Probier doch mal den Google Chrome Browser villeicht isses dann weg
Aber Adblock ist ne sehr gute ideee ich nutze das auch und ich surfe werbefrei...denn teilweise lädt die scheiß werbung ewig grad wenn man unterwegs mit umts ist


----------



## teamlosipeter (30. Dezember 2009)

*AW: Scheiß google Chrome Werbung strest*

^^

man der text muss mindestens 5 zeichen habe


----------



## sanmonku (30. Dezember 2009)

*AW: Scheiß google Chrome Werbung strest*

selbes prob mit opera... kann ja werbung verstehen aber werbung die man nich weg klicken kann find ich ne sauerei ....
naja werd mal opera updaten wenn neue version, maybe gehts ja dann weg....

edit, hmm hab ja die neuste version...


----------



## GoZoU (30. Dezember 2009)

@teamlosipeter: Das nächste Mal überdenkst du bitte deine Wortwahl im Titel des Threads zweimal bevor du ihn erstellst! Solche Ausdrücke müssen hier wirklich nicht sein, ich habe den Titel daher editiert.

MfG
GoZoU


----------



## Bärenmarke (30. Dezember 2009)

Hatte die blöde Werbung im Firefox auch 

Finds auch von pcgh sehr schwach, dass die sich ihre HP mit so ner schrottwerbung zukleistern lassen 

Aber wenigstens kann man sich mit dem Werbeblocker helfen 

mfg

Bärenmarke


----------



## rebel4life (30. Dezember 2009)

Naja, dank Adblock hat man da keine Probleme.


----------



## nfsgame (30. Dezember 2009)

Also ich merk nix von Werbung auf irgendwelchen Seiten, ABP sei dank .


----------



## rebel4life (30. Dezember 2009)

Wird von den Administratoren von Foren jedoch bemängelt, dass man einen Werbeblocker nimmt, denn das bringt denen Geldeinbußen. 

Da wäre ein wegklickbarer Banner besser.


----------



## Zoon (30. Dezember 2009)

Hab zwar nix gegen Werbung - PCGH habe ich nicht im Adblock drin, auch wegen dem IVW Zähler - aber wenn ein Werbefenster andauernd direkt übern Login Feld erscheint bzw. aus irgendwelchen Gründen immer aus den rechten Frame "rausrutscht" finde ich das gar nicht mehr lustig.


----------



## nfsgame (30. Dezember 2009)

Naja den Zähler hat ja wohl hoffentlich jeder in der Ausnahmeliste . 

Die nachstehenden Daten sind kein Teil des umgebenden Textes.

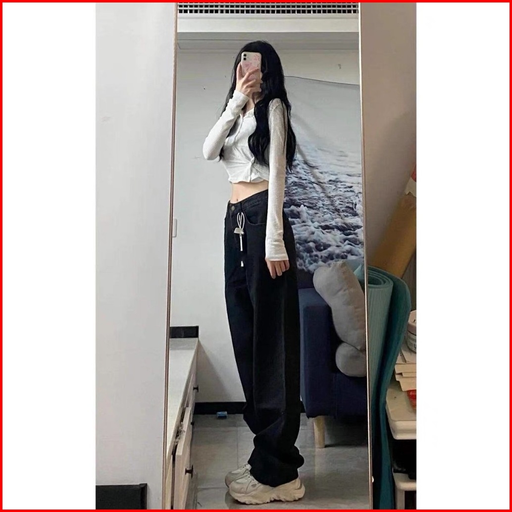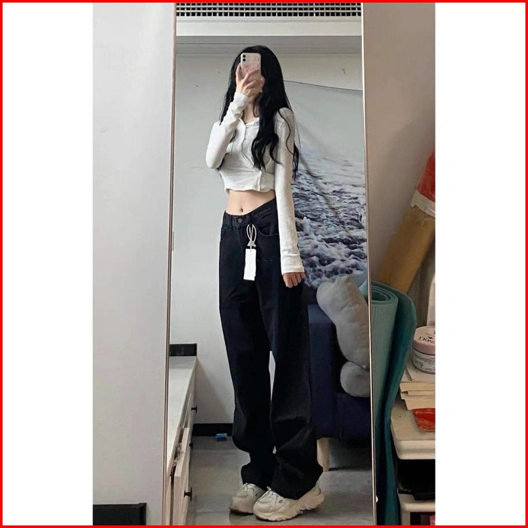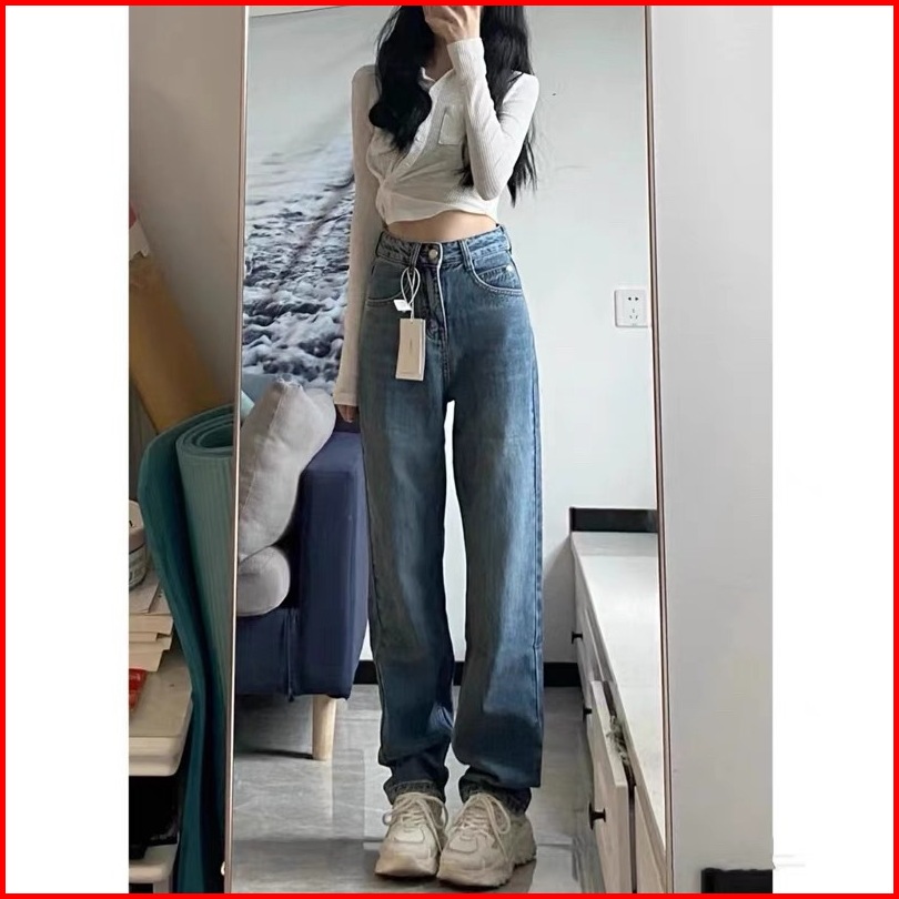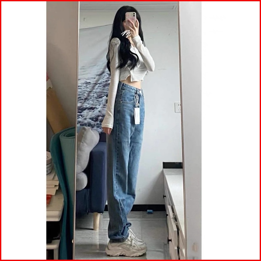 Celana Jeans High Waist Wanita Korean Style Jeans Baggy Pants Serbaguna Kasual Biru Retro
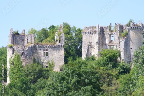 © Christophe, Fototapeta premium Ancient castle walls ruins scene. Ruined wall castle. Fortress wall ruins
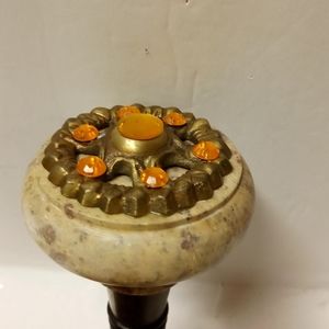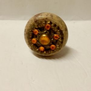 Vintage Marble Wine Stopper with Orange Decorative Rhinestones & Gold Metal
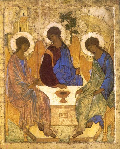 Today is the Feast of the Most Holy Trinity. How can one use any words to describe this mystery. The icon above is considered the pre-eminent icon in the Eastern Church written by Rublev to depict the Holy Trinity. It is based on the visit of the three angels to Abraham. You can read more about it here (which ends with a short meditation by Henri Nouwen).
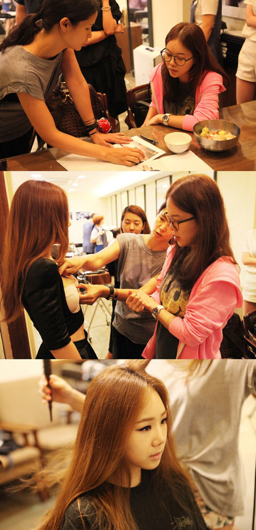 사진에서 백지영은 편한 옷차림과 민낯으로 제자인 유성은의 스타일을 체크하는가 하면 진지한 표정으로 스태프들과 대화를 나누고 있다.
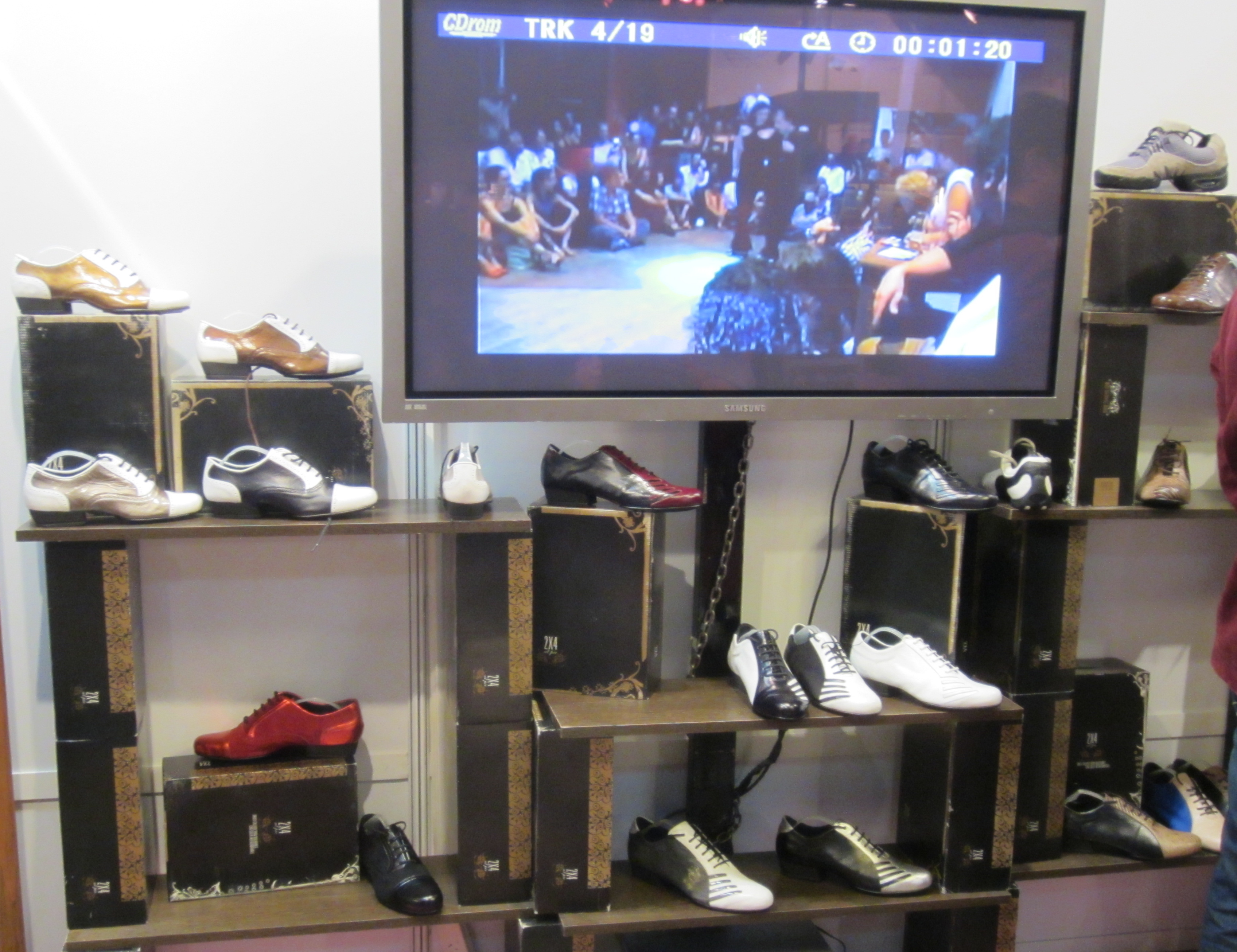 So many shoes, so little time! No, I’m not getting a kickback for the free PR. I wish!! And for the guys, great tango shoes and electronic entertainment while you try them on:
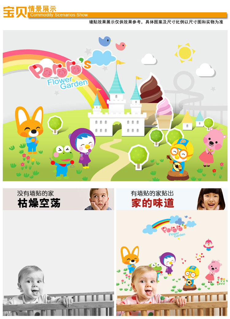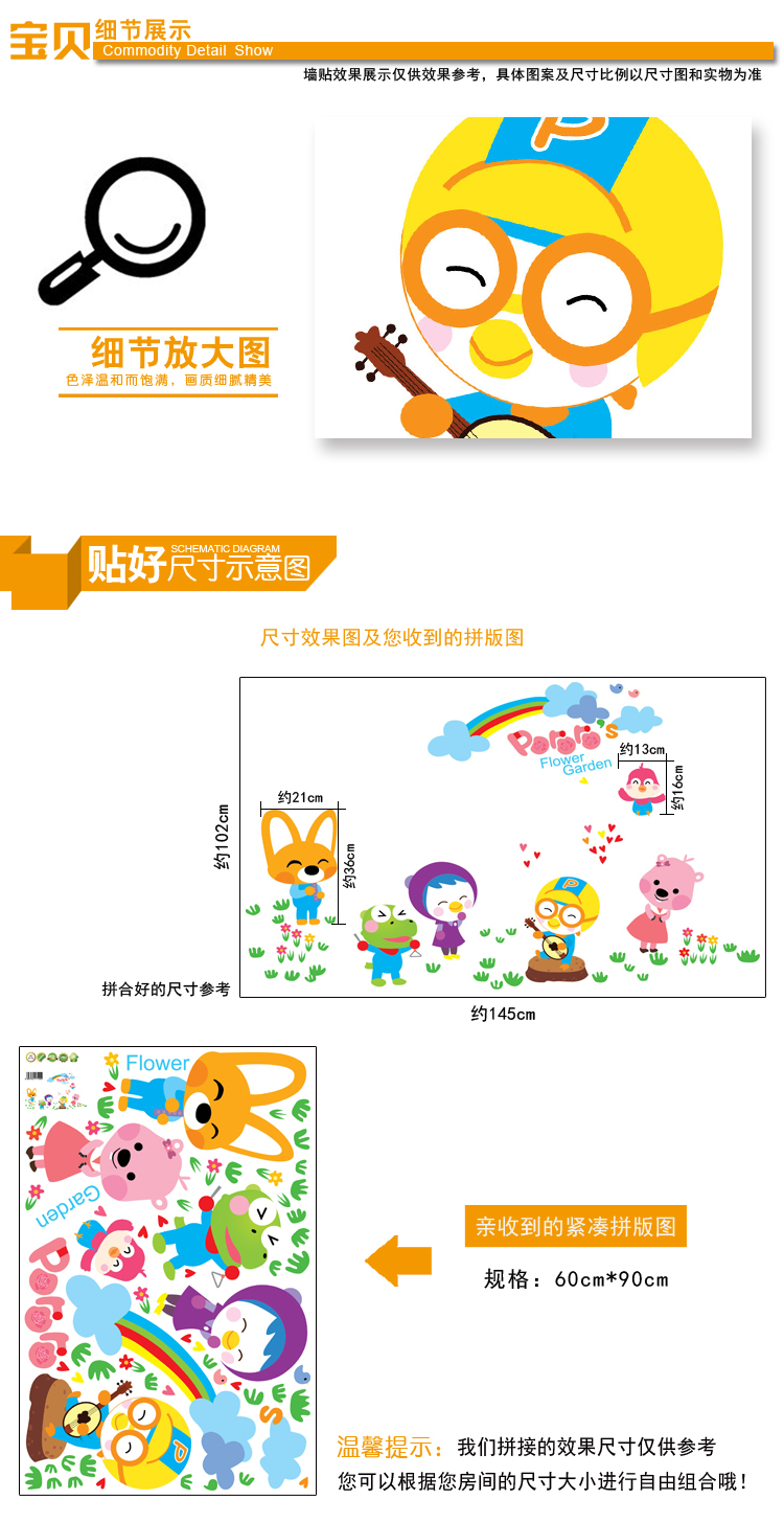 桔色特大可移除兒童房臥室客廳背景墻貼紙 可愛裝飾墻貼畫墻壁貼

Und eigendlich nutze ich ABP nur, weil die Server auf denen die Werbung liegt die eigendliche Seite spürbar ausbremst. Wenn die das in den Griff bekommen, dann deaktiviere ich den auch wieder.


----------



## Aholic (30. Dezember 2009)

Falsches Forum 
Gibts übrigens hier schon,
http://extreme.pcgameshardware.de/pcgh-webseite/83232-ist-das.html


----------



## Nialathak (31. Dezember 2009)

möcht mich ja nich aufregen, kann ja auch verstehen das man durch werbung geld verdinen muss, aber chrome auf pcgh werbung machen zu lassen find ich dann doch recht, ähm, wie soll ich das jetzt sagen, ähm, naja wisst ja was ich sagen will!

google 4 the world, peace


----------



## EmkeY (3. Januar 2010)

na wenn die noch mehr solche werbung zulassen die die news überdecken und mann sie nicht weckkliken kann wird eben computer base meine startseite! ES NERFT!


----------